Cyber Hygiene in Higher Education: Cybersecurity Projects during Summer Break
School is out for summer. This is a good time for schools to focus on cybersecurity projects for the coming year. Threat hunting, vulnerability management and the core value of continuous visibility are essential goals that school systems should commit to over the long, hot summer.
Finding time to improve is never easy. Information security professionals within the education sector in particular seldom have the time to reexamine their practices or to implement new procedures during the school year. Compounding these constraints is the complexity of IT systems in colleges and universities.
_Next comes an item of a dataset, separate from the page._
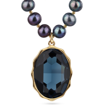 Изготовлено из ювелирного сплава на основе латуни с гальваническим покрытием золотом. Изделие украшают кристаллы SW темно-синего цвета и бензиновый жемчуг диаметром 8-9мм. Длина колье 43см. Замок-карабин с удлинителем 5см. Размер кулона 30х20мм.

Educational campuses are unique in the breadth of their IT missions
Educational campuses are unique in the breadth of their IT missions. Not only must they serve large, mobile student populations, they also support the scientific and research needs of an academic staff while maintaining sensitive personal, academic, financial and medical records.
Cyber self-improvement is vital for schools, now more than ever. In April, the personal information of a Washington State school district was inadvertently released by the district after an outside party “spoofed” the email address from the superintendent. The email sought employee names, addresses, salary information and social security numbers.
Recently, certain Colorado schools experienced a security breach related to a proprietary platform called Infinite Campus. The Infinite Campus software stores personal and academic information, and may have released the personal information of over 2,000 students. Although several districts use the Infinite Campus platform, this compromised district expanded the collected data beyond grades, attendance and schedules to include highly confidential personal information. This may have been why they were targeted.
Most recently in Maine, a data breach widened as more employees complained of ID theft. In late March, district payroll employees received a phishing email which successfully tricked users into responding. The email asked for employee W-2 information. When several employees attempted to file tax returns this year, they discovered false ones had already been filed using their information.
Last summer, universities seemed to be more in the crosshairs as a flurry of cybersecurity incidents illustrated the growing threat facing higher education institutions.
- The entire engineering school of a prominent Pennsylvania university had to be taken offline for an extensive investigation and clean-up of its network and systems.
- Virginia universities were the target of a cyberattack against two officials whose work was connected with China.
- Even one of our country’s oldest universities suffered a hack that compromised user credentials in eight schools.
This is the best time to beef-up security measures, performing asset discovery to create a baseline inventory of assets
Now is the time for information security professionals to start cyber summer activities, and planning back-to-school projects to tackle cybersecurity challenges during the coming school year. Specifically, this is the best time to beef-up security measures, performing asset discovery to create a baseline inventory of assets and to prioritize these assets, and to implement best security practices.
Best practices include using next generation firewalls and security for web and email services, as well as system monitoring and advanced threat detection.
Summer threat hunting and back to school vulnerability management
Threat hunting and vulnerability management are core capabilities for achieving continuous monitoring in your network and detecting threats before they are exploited. This can help you detect and mitigate outsider threats and attacks, as well as insider threats—both malicious and user error—that can compromise your systems and data.
Colleges and universities can use the relative quiet of summer break to establish a foundation of effective threat hunting and vulnerability management by implementing solutions such as Tenable SecurityCenter Continuous View™ (SecurityCenter CV™), which provides a platform to continuously monitor networks for critical vulnerabilities and threats.
SecurityCenter CV gives organizations the ability to monitor their networks 24x7 for new vulnerabilities, devices and incidents. The solution can alert administrators to threats and incidents, and produce reports for IT, security and administrative personnel.
Several large higher education institutions use Tenable SecurityCenter CV to protect their networks. For example, the Auckland University of Technology, the second largest university in New Zealand, selected Tenable SecurityCenter CV for greater visibility, multiple scanning mechanisms, and enhanced reporting.
The relative lull in educational activities over the summer provides an opportunity that should not be wasted
By employing sound cybersecurity practices such as threat hunting and vulnerability management through proven technologies such as Tenable SecurityCenter CV, schools, colleges and universities can take large strides toward improving their cybersecurity posture for the upcoming school year and beyond. The relative lull in educational activities over the summer provides an opportunity that should not be wasted.